### WORK TASK
All of the data below should come back exactly as written, minus its images.

### INFORMATION SHOWN
------------------------
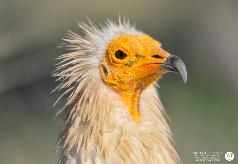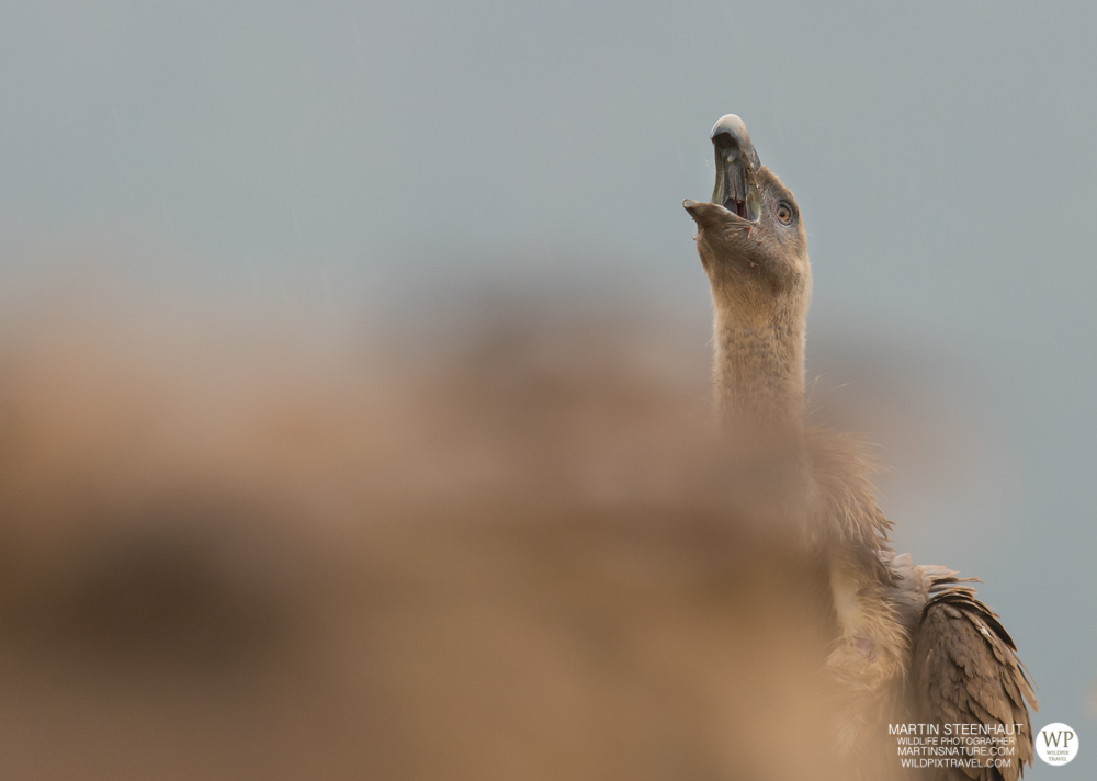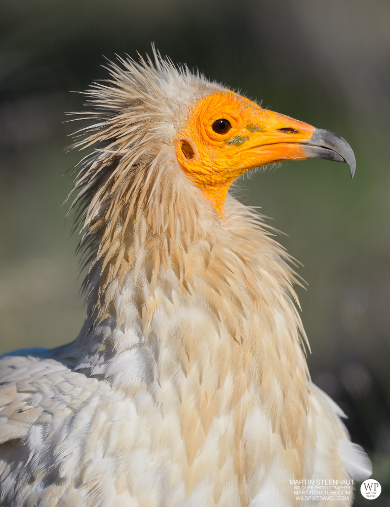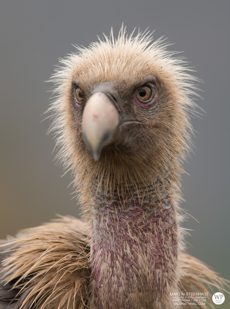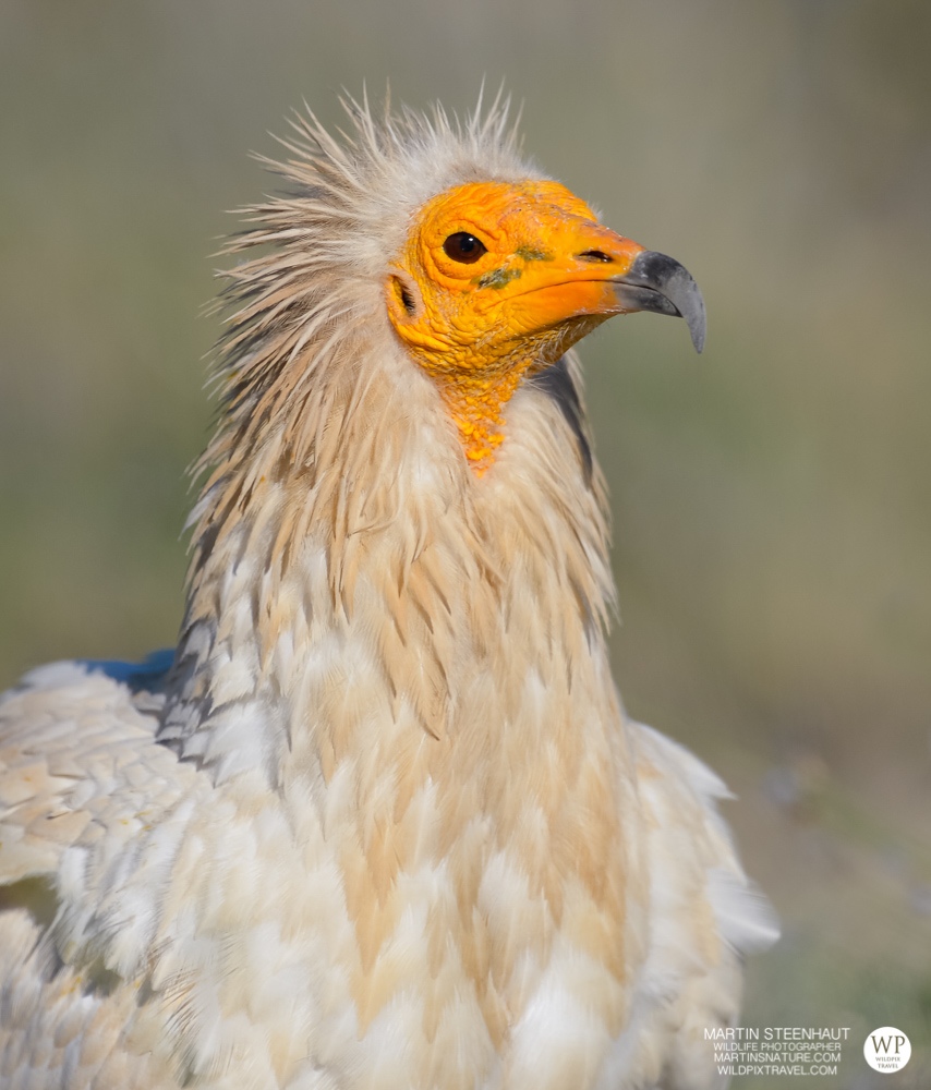 Dit moet ongeveer de mooiste roofvogel van onze planeet zijn. Hem de eerste keer zien is werkelijk een belevenis. Meestal komt hij als alle andere gieren de plek verlaten hebben. Zijn silhouet, vlucht en kleur zijn onmiskenbaar. En als je hem dan kan bekijken door camera of verrekijker is het simpelweg WAUW! Wat een tekening en kop heeft hij, alsof getekend door een artiest.
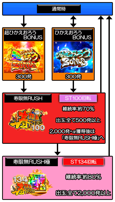 滞在中の大当り後は再び「寿限無RUSH極」へ突入する仕様で、継続率は約80%。
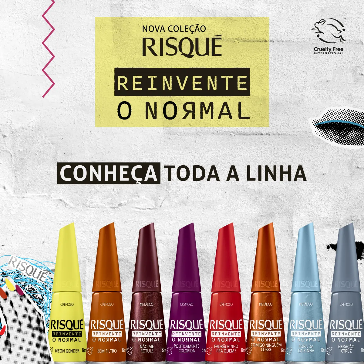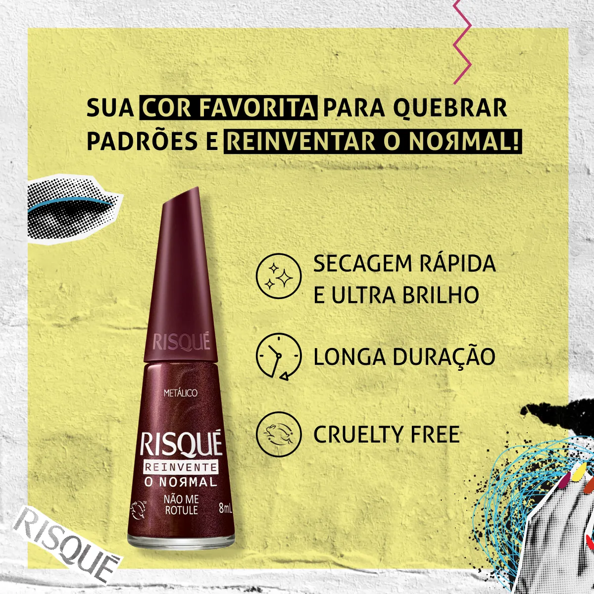 O Não Me Rotule é um esmalte Risqué da linha Reinventando o Normal, uma coleção exclusiva que incentiva a quebrar padrões, reinventando a forma de enxergar o que é normal na sociedade. Afinal, normal é se sentir bem consigo mesmo, sem rótulos, sem filtro e de forma divertidamente colorida.
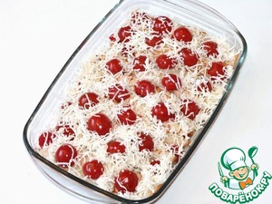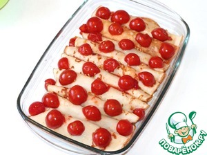 Готовим подливу. Я брала консервированные помидоры чери в собственном соку. Половинки помидорчиков я выложила на блинчики.
------------------------
### ANSWER SECTION
 Dit moet ongeveer de mooiste roofvogel van onze planeet zijn. Hem de eerste keer zien is werkelijk een belevenis. Meestal komt hij als alle andere gieren de plek verlaten hebben. Zijn silhouet, vlucht en kleur zijn onmiskenbaar. En als je hem dan kan bekijken door camera of verrekijker is het simpelweg WAUW! Wat een tekening en kop heeft hij, alsof getekend door een artiest.
 滞在中の大当り後は再び「寿限無RUSH極」へ突入する仕様で、継続率は約80%。
 O Não Me Rotule é um esmalte Risqué da linha Reinventando o Normal, uma coleção exclusiva que incentiva a quebrar padrões, reinventando a forma de enxergar o que é normal na sociedade. Afinal, normal é se sentir bem consigo mesmo, sem rótulos, sem filtro e de forma divertidamente colorida.
 Готовим подливу. Я брала консервированные помидоры чери в собственном соку. Половинки помидорчиков я выложила на блинчики.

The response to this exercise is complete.